The second ground of appeal – that the judge was required to consider the merits of the appeal – was also dismissed. Lewis J. held that the merits of the appeal are not of themselves relevant to whether or not a “good reason” exists for the purposes of s.204(2A), although there may conceivably be cases where factors relevant to the merits are also relevant to the reasons for the delay [30]. Parliament is entitled to fix a time limit for bringing an appeal, and the fact that the criteria for extending the time limit are linked to the reason for the delay rather than other matters such as the potential merits does not breach article 6 ECHR [31].

In Poorsalehy the 21-day time limit for appealing expired on 30th March 2012. On that day Mr Poorsalehy instructed solicitors and a notice of appeal was filed out of time on the next working day, 2nd April 2012. However, a formal application for an extension of time was not made until 27th July 2012. This application was supported by a witness statement from Mr Poorsalehy which dealt with the delay in lodging the appeal, but not the delay in making the application for an extension of time.

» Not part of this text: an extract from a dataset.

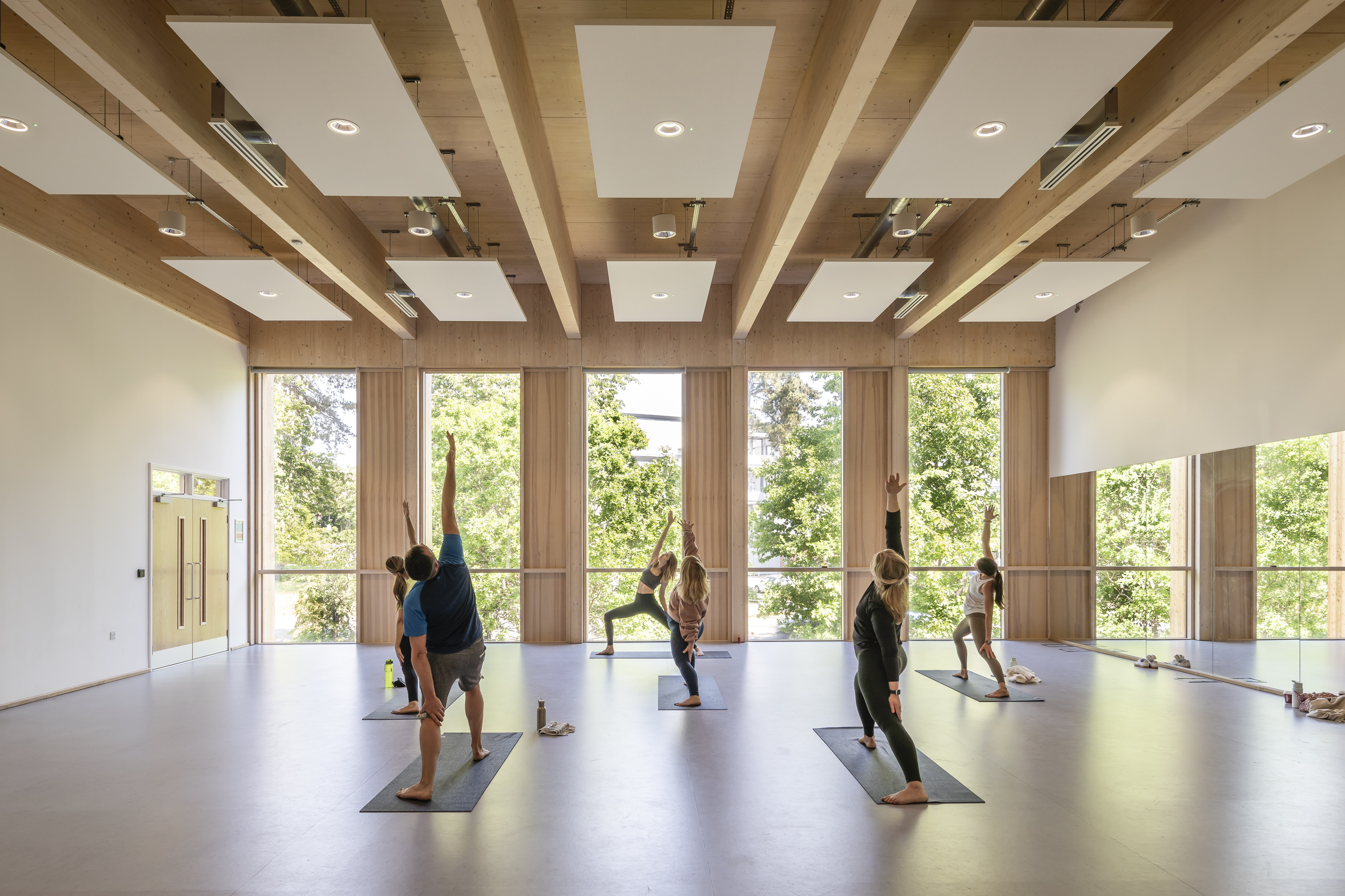 Our approach embraces the biophilia hypothesis that humans are innately attracted to and seek connections with the natural world, natural materials, textures, patterns and colours. Landscape views are provided from key spaces, natural ventilation and daylighting are optimised and the building’s cross laminated timber structure which is key to the carbon strategy for the project is revealed internally and externally.

It was common ground between the parties that under s.204(2A)(b) there had to be a good reason for both (1) the failure to bring the appeal in time and (2) for any delay in applying for permission to appeal out of time. The judge found that (1) was satisfied but not (2) and therefore struck out the notice of appeal.

On appeal to the High Court, the primary ground of appeal was that the judge’s approach was flawed in that it focused on the solicitor’s default not Mr Poorsalehy’s; on the available evidence, Mr Poorsalehy personally could not have been responsible for the delay.

In dismissing the appeal, Jay J. held that there is no general rule of law in the context of statutory appeals which fixes a party with the procedural errors of his representative [15], [20]. However, it would be going too far to say that there is a general rule to the effect that a party will always be able to shelter behind the mistakes of his legal advisors [16], [20]. Good reason “depends on all the circumstances of the case as known to the court by direct and inferential evidence; and, thereafter, secondary evaluative conclusions derived from that evidence. It cannot depend on speculative inferences” [16]. In this case, the judge had not been bound to draw the inference from all the available evidence that Mr Poorsalehy personally could not have been at fault [29].

In both Peake and Poorsalehy the High Court emphasised that whether there is a good reason for delay is a matter of “fact and value judgment”. This will depend on all available evidence and, as is clear from Poorsalehy, a judge is not bound to draw inferences where there is an evidential lacuna. Overall it seems that the courts are willing to take what, as Lewis J. recognised in Peake at [23], may seem a “harsh” approach in enforcing a strict time limit laid down by Parliament.

Rory Clarke appeared for the local authority in Peake and Wayne Beglan appeared for the local authority in Poorsalehy.